## WHAT TO PRODUCE
What you return must be the data below, word for word, without any images.

## Collected data

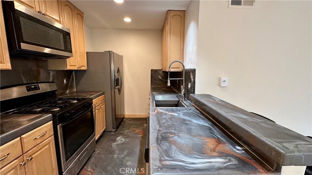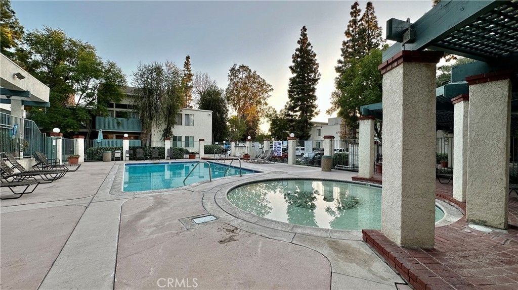 PRICE IMPROVEMENT! CASH PURCHASE OR HARD MONEY LOAN ONLY. Prime Tarzana desirable upper, single level condo with soaring ceilings and tons of natural light in the manicured and gated complex of “California Village”, just minutes from easy freeway access, Tarzana Hospital, shopping, and dining along Ventura Blvd, and so much more! This 3 bedroom, 2 bath unit features FRESH INTEROR PAINT, NEWER wood laminate floors just installed in the main living area, smooth ceilings with high windows, a balcony, recessed lighting and a updated kitchen with custom designer flooring and counter tops, large stainless steel basin sink and a convenient breakfast bar. Primary suite with his & her closets and a private bath with pedestal sink and shower. Ample sized secondary bedrooms and there is a full hall bath. Covered, assigned 2 car tandem parking and community has pool, spa, recreation room and common grounds with rose garden. This one won’t last long!
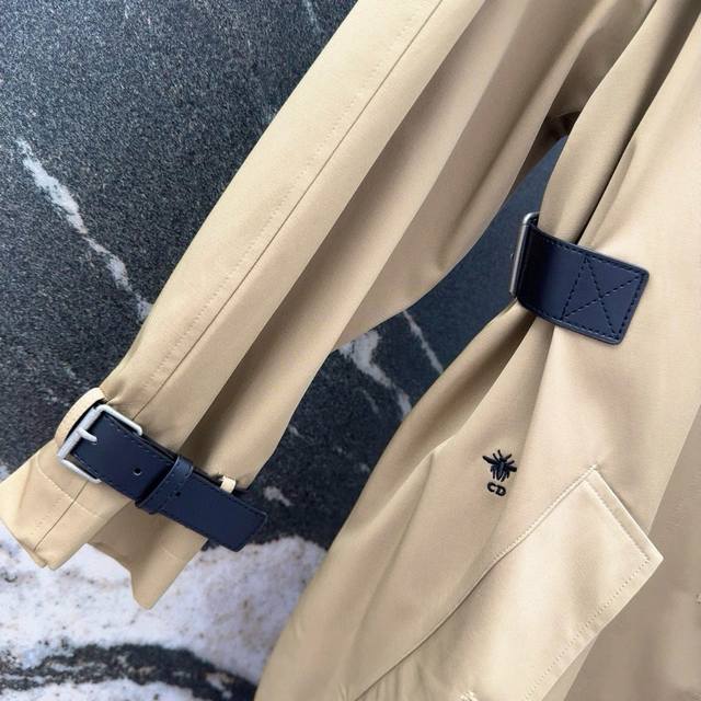 Cd 25Ss New Fall/Winter Classic Double-Breasted Long Trench Coat with a Parisian Blogger Street Style Vibe. Retro, 3D H-Shaped Cut for a Relaxed Fit. High-Density Fabric for a Stylish Look. Side Waistband and Cuffs with Matching Leather. The CD's Bee Embroidery is a Special Addition. The Slimming Design Captures a Perfect Fit, Definitely a Must-Have for Your Wardrobe. Size Sml: Chest 116cm, Length 120cm.
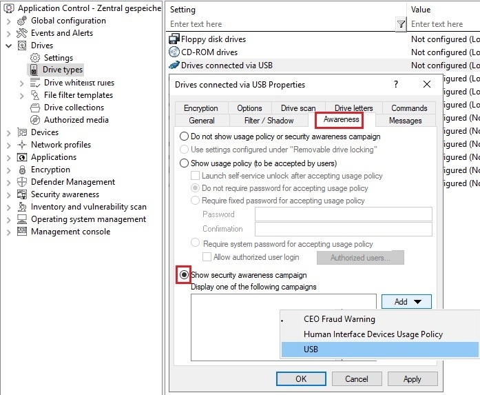 In the Drive types section, select the drive you want to display a security awareness campaign for. In the example below, this is a USB bus connected drive.
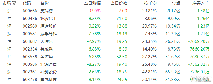 龙虎榜单日净卖出额前三为奥瑞德、扬农化工、通达股份,分别为1.48亿元、1.26亿元、1.23亿元。
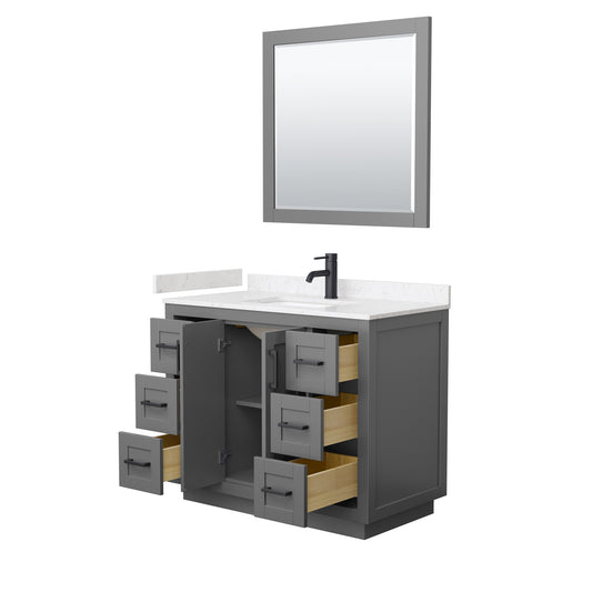 Miranda 42" Dark Gray Single Vanity, Carrara Marble Top, Black Trim, 34" Mirror

## EXERCISE SOLUTION
 PRICE IMPROVEMENT! CASH PURCHASE OR HARD MONEY LOAN ONLY. Prime Tarzana desirable upper, single level condo with soaring ceilings and tons of natural light in the manicured and gated complex of “California Village”, just minutes from easy freeway access, Tarzana Hospital, shopping, and dining along Ventura Blvd, and so much more! This 3 bedroom, 2 bath unit features FRESH INTEROR PAINT, NEWER wood laminate floors just installed in the main living area, smooth ceilings with high windows, a balcony, recessed lighting and a updated kitchen with custom designer flooring and counter tops, large stainless steel basin sink and a convenient breakfast bar. Primary suite with his & her closets and a private bath with pedestal sink and shower. Ample sized secondary bedrooms and there is a full hall bath. Covered, assigned 2 car tandem parking and community has pool, spa, recreation room and common grounds with rose garden. This one won’t last long!
 Cd 25Ss New Fall/Winter Classic Double-Breasted Long Trench Coat with a Parisian Blogger Street Style Vibe. Retro, 3D H-Shaped Cut for a Relaxed Fit. High-Density Fabric for a Stylish Look. Side Waistband and Cuffs with Matching Leather. The CD's Bee Embroidery is a Special Addition. The Slimming Design Captures a Perfect Fit, Definitely a Must-Have for Your Wardrobe. Size Sml: Chest 116cm, Length 120cm.
 In the Drive types section, select the drive you want to display a security awareness campaign for. In the example below, this is a USB bus connected drive.
 龙虎榜单日净卖出额前三为奥瑞德、扬农化工、通达股份,分别为1.48亿元、1.26亿元、1.23亿元。
 Miranda 42" Dark Gray Single Vanity, Carrara Marble Top, Black Trim, 34" Mirror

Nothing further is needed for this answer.